* **Task objective**
Every line from the line containing "Coolt 60-tal i" through the final line below is to be repeated exactly; no other line is.

* **Records supplied**
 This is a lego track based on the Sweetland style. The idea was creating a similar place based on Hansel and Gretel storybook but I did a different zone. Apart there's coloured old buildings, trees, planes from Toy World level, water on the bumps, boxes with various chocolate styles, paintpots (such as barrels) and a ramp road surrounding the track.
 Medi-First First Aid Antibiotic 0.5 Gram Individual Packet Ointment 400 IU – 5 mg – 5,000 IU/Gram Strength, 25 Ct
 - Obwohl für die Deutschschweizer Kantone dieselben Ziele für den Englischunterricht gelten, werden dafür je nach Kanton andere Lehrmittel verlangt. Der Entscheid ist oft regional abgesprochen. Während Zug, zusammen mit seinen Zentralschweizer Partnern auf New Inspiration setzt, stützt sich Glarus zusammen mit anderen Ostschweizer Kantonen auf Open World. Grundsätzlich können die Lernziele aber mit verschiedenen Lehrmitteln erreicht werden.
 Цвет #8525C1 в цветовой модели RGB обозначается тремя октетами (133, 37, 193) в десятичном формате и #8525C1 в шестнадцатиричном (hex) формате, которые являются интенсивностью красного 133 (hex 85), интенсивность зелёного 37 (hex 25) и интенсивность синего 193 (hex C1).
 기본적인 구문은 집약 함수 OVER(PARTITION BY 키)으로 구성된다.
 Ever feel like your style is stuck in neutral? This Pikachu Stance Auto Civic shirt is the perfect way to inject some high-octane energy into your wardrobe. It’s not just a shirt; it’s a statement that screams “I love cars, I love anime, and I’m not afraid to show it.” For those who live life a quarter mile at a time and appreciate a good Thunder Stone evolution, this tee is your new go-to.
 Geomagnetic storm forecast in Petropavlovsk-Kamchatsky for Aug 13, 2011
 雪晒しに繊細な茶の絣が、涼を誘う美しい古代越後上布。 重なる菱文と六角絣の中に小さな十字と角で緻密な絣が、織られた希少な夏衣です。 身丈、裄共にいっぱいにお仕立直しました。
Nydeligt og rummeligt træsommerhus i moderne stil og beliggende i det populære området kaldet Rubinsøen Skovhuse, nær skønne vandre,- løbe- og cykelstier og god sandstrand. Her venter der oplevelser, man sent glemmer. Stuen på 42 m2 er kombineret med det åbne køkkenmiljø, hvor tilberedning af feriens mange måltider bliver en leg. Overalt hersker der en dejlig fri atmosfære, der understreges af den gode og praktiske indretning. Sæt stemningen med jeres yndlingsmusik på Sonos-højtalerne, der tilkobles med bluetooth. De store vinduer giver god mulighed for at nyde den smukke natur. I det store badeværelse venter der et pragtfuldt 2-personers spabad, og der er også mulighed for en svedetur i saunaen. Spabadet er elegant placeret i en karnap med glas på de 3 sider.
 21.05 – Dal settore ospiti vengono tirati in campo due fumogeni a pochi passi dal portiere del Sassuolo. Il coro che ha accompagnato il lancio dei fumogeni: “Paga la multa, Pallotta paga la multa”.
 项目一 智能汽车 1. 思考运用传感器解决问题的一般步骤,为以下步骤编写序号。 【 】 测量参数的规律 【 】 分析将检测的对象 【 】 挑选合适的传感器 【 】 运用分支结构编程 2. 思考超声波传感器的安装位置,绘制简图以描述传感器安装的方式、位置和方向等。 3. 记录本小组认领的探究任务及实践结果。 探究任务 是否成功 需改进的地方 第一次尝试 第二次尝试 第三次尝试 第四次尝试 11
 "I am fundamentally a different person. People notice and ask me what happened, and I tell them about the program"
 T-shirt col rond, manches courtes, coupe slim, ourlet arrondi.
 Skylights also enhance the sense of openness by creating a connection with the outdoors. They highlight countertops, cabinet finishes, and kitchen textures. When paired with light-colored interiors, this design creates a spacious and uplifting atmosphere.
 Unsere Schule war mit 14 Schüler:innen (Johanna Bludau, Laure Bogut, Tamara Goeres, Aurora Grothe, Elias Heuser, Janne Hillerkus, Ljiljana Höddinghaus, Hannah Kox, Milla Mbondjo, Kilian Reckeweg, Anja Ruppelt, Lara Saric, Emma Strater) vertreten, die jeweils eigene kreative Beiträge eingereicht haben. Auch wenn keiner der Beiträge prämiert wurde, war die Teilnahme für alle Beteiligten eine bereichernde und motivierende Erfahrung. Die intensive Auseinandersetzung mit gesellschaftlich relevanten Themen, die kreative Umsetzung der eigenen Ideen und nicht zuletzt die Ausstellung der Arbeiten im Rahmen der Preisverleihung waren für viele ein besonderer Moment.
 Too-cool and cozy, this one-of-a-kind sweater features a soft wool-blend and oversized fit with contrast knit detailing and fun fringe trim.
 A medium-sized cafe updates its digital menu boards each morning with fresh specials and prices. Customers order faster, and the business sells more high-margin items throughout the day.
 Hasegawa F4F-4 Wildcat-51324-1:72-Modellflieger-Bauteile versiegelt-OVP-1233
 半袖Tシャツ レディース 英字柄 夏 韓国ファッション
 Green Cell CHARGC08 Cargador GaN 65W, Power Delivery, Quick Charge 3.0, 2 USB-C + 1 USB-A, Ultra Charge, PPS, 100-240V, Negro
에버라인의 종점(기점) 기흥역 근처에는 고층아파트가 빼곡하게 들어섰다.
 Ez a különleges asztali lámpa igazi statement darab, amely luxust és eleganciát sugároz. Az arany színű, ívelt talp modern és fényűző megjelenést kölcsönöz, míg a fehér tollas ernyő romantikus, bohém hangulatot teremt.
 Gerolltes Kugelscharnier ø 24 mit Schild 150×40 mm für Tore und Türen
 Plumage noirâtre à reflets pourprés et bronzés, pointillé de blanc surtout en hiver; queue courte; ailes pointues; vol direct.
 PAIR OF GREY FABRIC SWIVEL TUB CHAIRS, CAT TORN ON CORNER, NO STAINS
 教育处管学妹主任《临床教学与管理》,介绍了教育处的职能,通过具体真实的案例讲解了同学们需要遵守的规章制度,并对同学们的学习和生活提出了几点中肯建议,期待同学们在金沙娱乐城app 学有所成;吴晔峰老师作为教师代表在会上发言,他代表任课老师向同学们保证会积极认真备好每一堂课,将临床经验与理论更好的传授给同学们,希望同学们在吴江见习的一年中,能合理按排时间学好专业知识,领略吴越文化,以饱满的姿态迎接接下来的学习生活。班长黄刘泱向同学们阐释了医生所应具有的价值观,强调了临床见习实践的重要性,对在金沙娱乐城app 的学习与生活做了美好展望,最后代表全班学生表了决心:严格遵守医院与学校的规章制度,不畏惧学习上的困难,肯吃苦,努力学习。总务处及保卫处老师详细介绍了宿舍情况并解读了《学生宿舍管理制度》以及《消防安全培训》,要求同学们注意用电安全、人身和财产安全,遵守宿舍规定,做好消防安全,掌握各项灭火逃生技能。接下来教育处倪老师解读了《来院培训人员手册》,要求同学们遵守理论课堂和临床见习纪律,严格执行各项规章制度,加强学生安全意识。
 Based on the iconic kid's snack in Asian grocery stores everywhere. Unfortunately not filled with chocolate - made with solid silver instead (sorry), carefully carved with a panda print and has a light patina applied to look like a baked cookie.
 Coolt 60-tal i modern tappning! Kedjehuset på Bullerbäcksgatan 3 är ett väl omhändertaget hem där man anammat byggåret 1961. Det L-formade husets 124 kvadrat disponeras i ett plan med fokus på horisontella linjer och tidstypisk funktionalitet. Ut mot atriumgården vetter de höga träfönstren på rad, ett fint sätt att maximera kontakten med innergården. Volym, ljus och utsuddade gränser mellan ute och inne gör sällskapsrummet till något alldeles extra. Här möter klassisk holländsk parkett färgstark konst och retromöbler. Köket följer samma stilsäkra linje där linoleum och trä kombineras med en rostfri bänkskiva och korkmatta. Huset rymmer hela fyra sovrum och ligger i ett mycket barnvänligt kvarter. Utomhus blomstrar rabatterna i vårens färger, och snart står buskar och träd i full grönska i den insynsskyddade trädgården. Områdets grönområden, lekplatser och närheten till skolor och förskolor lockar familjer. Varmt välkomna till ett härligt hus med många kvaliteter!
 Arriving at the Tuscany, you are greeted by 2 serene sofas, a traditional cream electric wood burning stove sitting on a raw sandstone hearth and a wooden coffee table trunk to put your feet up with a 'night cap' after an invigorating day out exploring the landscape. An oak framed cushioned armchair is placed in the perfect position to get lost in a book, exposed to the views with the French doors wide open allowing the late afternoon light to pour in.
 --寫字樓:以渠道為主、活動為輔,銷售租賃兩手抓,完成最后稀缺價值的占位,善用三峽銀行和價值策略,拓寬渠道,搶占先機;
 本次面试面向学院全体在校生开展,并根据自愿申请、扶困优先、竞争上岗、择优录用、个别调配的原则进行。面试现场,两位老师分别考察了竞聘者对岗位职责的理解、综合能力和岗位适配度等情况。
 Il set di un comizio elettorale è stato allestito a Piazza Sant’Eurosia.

* **Output of the task**
 Coolt 60-tal i modern tappning! Kedjehuset på Bullerbäcksgatan 3 är ett väl omhändertaget hem där man anammat byggåret 1961. Det L-formade husets 124 kvadrat disponeras i ett plan med fokus på horisontella linjer och tidstypisk funktionalitet. Ut mot atriumgården vetter de höga träfönstren på rad, ett fint sätt att maximera kontakten med innergården. Volym, ljus och utsuddade gränser mellan ute och inne gör sällskapsrummet till något alldeles extra. Här möter klassisk holländsk parkett färgstark konst och retromöbler. Köket följer samma stilsäkra linje där linoleum och trä kombineras med en rostfri bänkskiva och korkmatta. Huset rymmer hela fyra sovrum och ligger i ett mycket barnvänligt kvarter. Utomhus blomstrar rabatterna i vårens färger, och snart står buskar och träd i full grönska i den insynsskyddade trädgården. Områdets grönområden, lekplatser och närheten till skolor och förskolor lockar familjer. Varmt välkomna till ett härligt hus med många kvaliteter!
 Arriving at the Tuscany, you are greeted by 2 serene sofas, a traditional cream electric wood burning stove sitting on a raw sandstone hearth and a wooden coffee table trunk to put your feet up with a 'night cap' after an invigorating day out exploring the landscape. An oak framed cushioned armchair is placed in the perfect position to get lost in a book, exposed to the views with the French doors wide open allowing the late afternoon light to pour in.
 --寫字樓:以渠道為主、活動為輔,銷售租賃兩手抓,完成最后稀缺價值的占位,善用三峽銀行和價值策略,拓寬渠道,搶占先機;
 本次面试面向学院全体在校生开展,并根据自愿申请、扶困优先、竞争上岗、择优录用、个别调配的原则进行。面试现场,两位老师分别考察了竞聘者对岗位职责的理解、综合能力和岗位适配度等情况。
 Il set di un comizio elettorale è stato allestito a Piazza Sant’Eurosia.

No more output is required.